● **Data section**
***

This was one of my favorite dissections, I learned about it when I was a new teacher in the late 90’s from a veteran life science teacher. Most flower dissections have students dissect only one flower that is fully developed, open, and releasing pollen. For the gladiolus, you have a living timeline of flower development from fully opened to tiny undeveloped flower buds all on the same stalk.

***

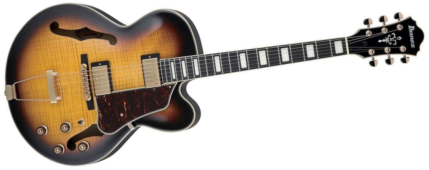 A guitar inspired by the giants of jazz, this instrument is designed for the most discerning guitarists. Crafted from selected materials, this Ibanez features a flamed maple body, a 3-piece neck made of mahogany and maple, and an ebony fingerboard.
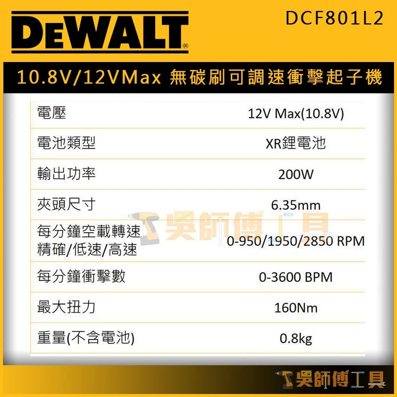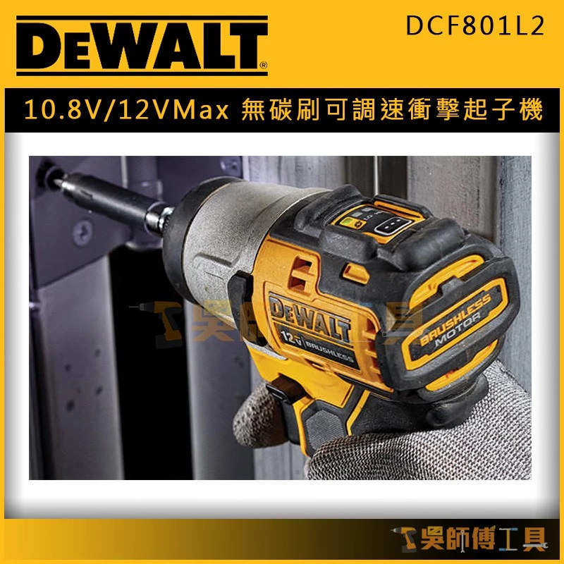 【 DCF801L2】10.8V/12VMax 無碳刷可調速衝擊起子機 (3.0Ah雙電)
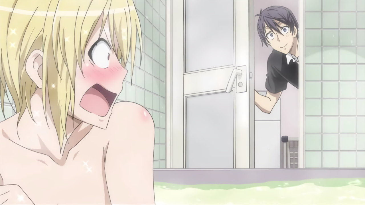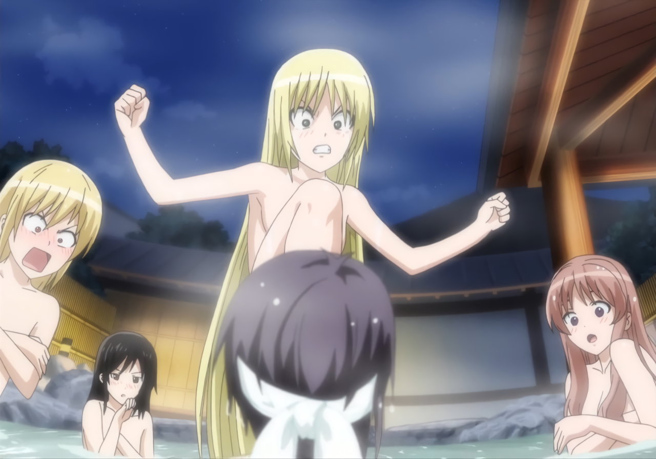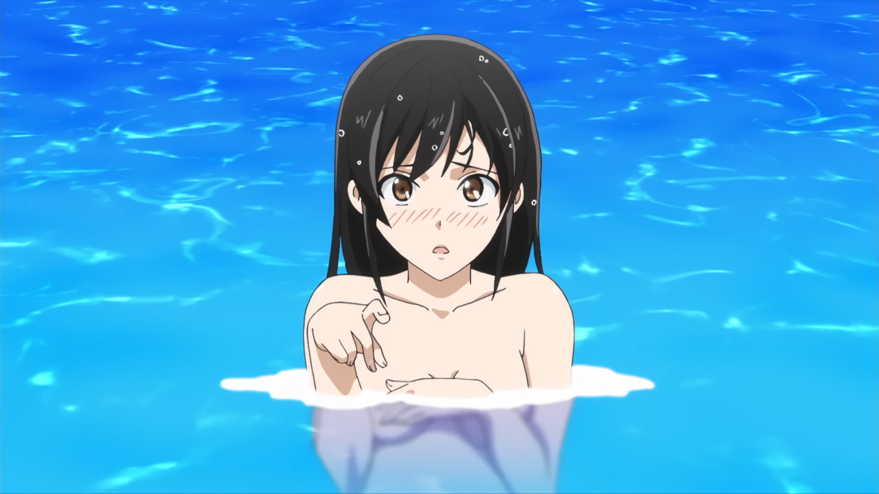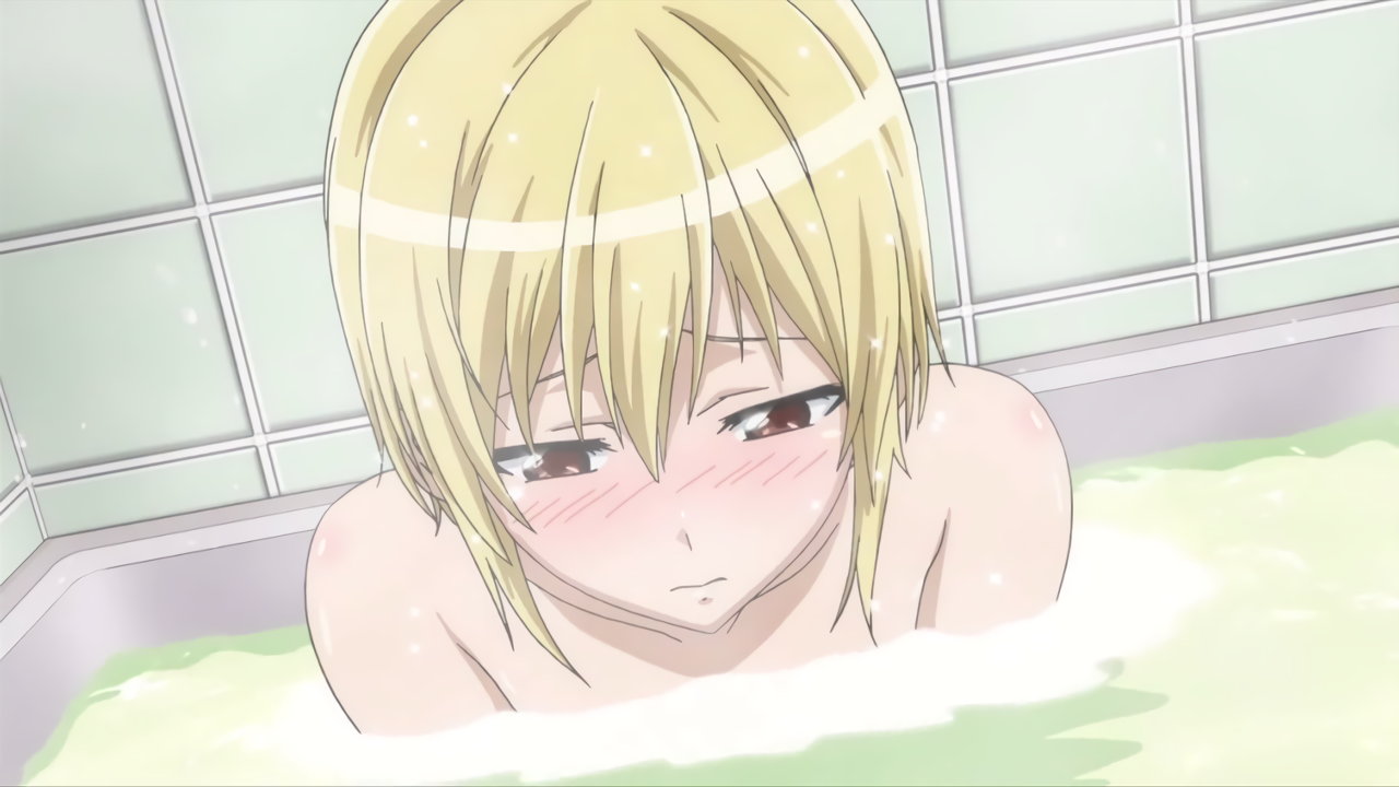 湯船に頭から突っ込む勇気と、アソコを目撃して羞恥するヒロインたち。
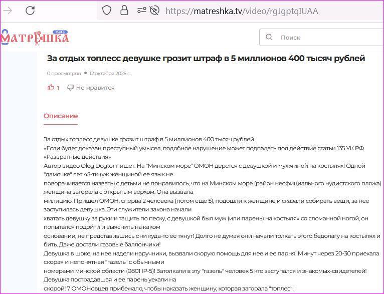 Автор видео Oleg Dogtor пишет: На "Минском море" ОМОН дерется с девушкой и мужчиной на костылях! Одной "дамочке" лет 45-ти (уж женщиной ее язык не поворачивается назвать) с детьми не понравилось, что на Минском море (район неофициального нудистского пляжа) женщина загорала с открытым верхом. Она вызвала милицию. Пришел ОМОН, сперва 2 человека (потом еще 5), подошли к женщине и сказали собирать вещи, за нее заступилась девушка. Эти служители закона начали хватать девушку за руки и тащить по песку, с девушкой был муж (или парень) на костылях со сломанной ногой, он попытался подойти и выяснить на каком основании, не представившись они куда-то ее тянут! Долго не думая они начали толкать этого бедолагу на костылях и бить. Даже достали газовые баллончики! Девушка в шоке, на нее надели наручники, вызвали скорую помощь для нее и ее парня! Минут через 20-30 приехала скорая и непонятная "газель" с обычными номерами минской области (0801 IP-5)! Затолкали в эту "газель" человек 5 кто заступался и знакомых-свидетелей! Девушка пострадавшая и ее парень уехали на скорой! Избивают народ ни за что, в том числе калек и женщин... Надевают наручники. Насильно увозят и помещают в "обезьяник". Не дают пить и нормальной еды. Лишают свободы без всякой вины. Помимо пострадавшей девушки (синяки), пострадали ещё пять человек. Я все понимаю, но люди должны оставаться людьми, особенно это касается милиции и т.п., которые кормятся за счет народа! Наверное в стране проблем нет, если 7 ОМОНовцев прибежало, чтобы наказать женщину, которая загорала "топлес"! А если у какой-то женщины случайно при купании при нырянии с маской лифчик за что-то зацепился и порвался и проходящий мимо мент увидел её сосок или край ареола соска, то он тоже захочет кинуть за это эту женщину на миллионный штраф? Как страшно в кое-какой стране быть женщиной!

***

● **Exercise**
Using the material above, transcribe exactly the lines from the one holding "A guitar inspired" to the one holding "湯船に頭から突っ込む勇気と、アソコを目撃して羞恥するヒロインたち。", both ends kept. Do not carry over any pictures.

● **Answer for this exercise**
 A guitar inspired by the giants of jazz, this instrument is designed for the most discerning guitarists. Crafted from selected materials, this Ibanez features a flamed maple body, a 3-piece neck made of mahogany and maple, and an ebony fingerboard.
 【 DCF801L2】10.8V/12VMax 無碳刷可調速衝擊起子機 (3.0Ah雙電)
 湯船に頭から突っ込む勇気と、アソコを目撃して羞恥するヒロインたち。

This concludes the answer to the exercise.